**What you are asked to do**. Instruction for the data below: set down exactly the lines from the line with "[굿타임] = 이강부" to the line with "2.Enrollador de líneas", inclusive, and no others.
-------- Input records
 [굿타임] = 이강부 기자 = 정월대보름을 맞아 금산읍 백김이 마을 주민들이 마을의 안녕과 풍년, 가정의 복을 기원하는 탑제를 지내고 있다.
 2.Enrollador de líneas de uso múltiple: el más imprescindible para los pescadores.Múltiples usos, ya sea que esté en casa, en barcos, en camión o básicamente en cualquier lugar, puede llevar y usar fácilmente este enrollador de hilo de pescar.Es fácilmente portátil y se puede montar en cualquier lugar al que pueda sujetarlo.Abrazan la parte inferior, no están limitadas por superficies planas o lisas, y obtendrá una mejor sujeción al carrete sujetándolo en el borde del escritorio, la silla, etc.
----------------
-------- Input records
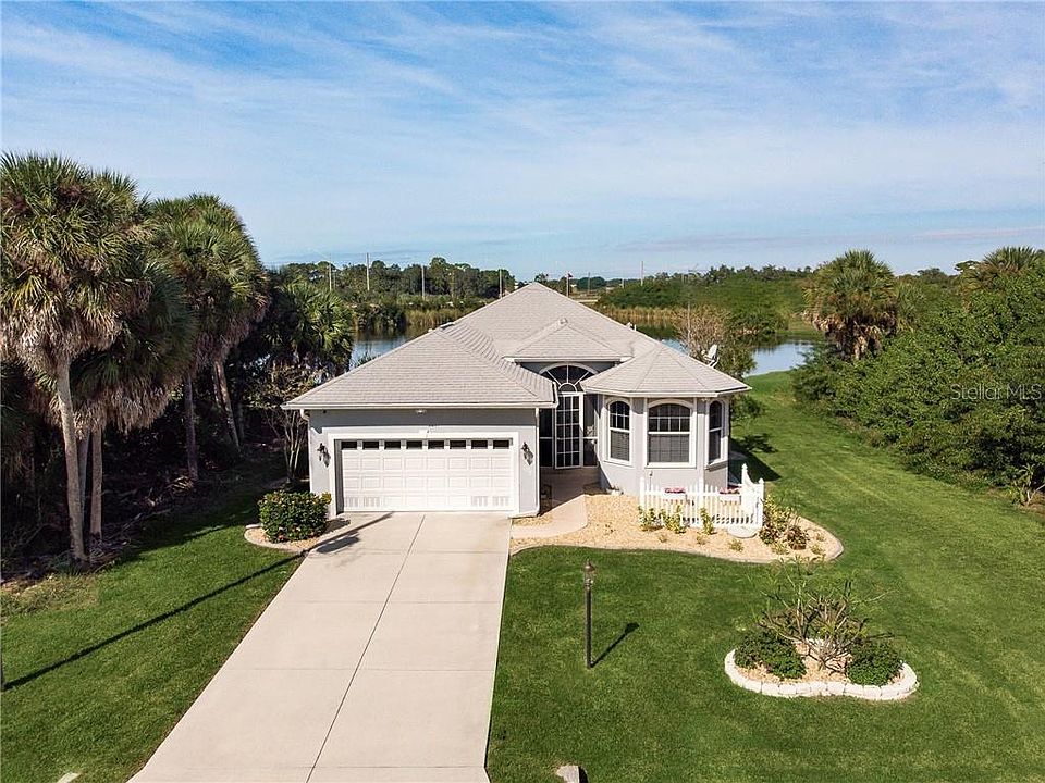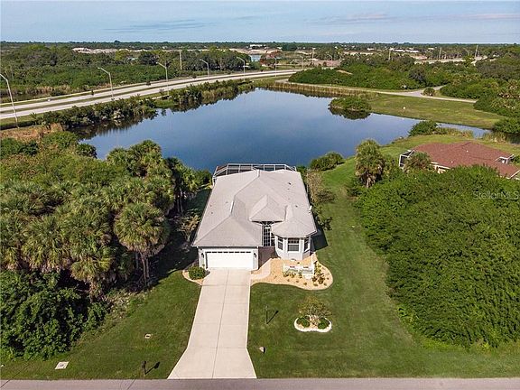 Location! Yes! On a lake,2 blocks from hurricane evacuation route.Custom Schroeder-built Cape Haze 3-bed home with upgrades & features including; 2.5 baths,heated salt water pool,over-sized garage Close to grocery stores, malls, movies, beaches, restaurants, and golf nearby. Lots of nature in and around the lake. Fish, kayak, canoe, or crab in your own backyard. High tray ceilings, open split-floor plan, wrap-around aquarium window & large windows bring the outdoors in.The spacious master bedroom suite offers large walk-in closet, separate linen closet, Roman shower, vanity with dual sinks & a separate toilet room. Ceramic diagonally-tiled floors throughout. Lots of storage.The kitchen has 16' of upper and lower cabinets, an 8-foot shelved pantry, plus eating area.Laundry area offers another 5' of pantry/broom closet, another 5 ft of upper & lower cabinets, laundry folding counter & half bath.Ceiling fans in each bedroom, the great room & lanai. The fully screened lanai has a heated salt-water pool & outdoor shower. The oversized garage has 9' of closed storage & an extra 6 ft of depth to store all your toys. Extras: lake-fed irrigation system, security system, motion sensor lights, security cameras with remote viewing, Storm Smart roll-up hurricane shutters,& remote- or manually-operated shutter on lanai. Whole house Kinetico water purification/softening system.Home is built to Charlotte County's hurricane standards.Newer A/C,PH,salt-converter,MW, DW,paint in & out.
----------------
-------- Input records
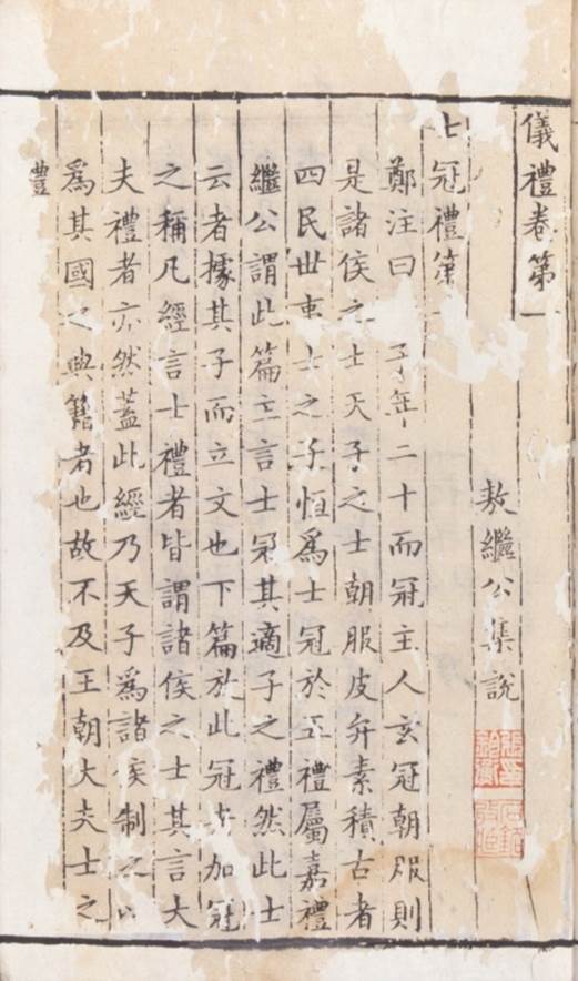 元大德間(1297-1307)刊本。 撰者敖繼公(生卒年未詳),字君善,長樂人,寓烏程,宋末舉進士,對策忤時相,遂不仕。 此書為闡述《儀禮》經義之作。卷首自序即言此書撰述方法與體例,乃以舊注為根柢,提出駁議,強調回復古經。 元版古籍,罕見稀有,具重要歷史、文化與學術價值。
----------------
**Exercise answer**.
 [굿타임] = 이강부 기자 = 정월대보름을 맞아 금산읍 백김이 마을 주민들이 마을의 안녕과 풍년, 가정의 복을 기원하는 탑제를 지내고 있다.
 2.Enrollador de líneas de uso múltiple: el más imprescindible para los pescadores.Múltiples usos, ya sea que esté en casa, en barcos, en camión o básicamente en cualquier lugar, puede llevar y usar fácilmente este enrollador de hilo de pescar.Es fácilmente portátil y se puede montar en cualquier lugar al que pueda sujetarlo.Abrazan la parte inferior, no están limitadas por superficies planas o lisas, y obtendrá una mejor sujeción al carrete sujetándolo en el borde del escritorio, la silla, etc.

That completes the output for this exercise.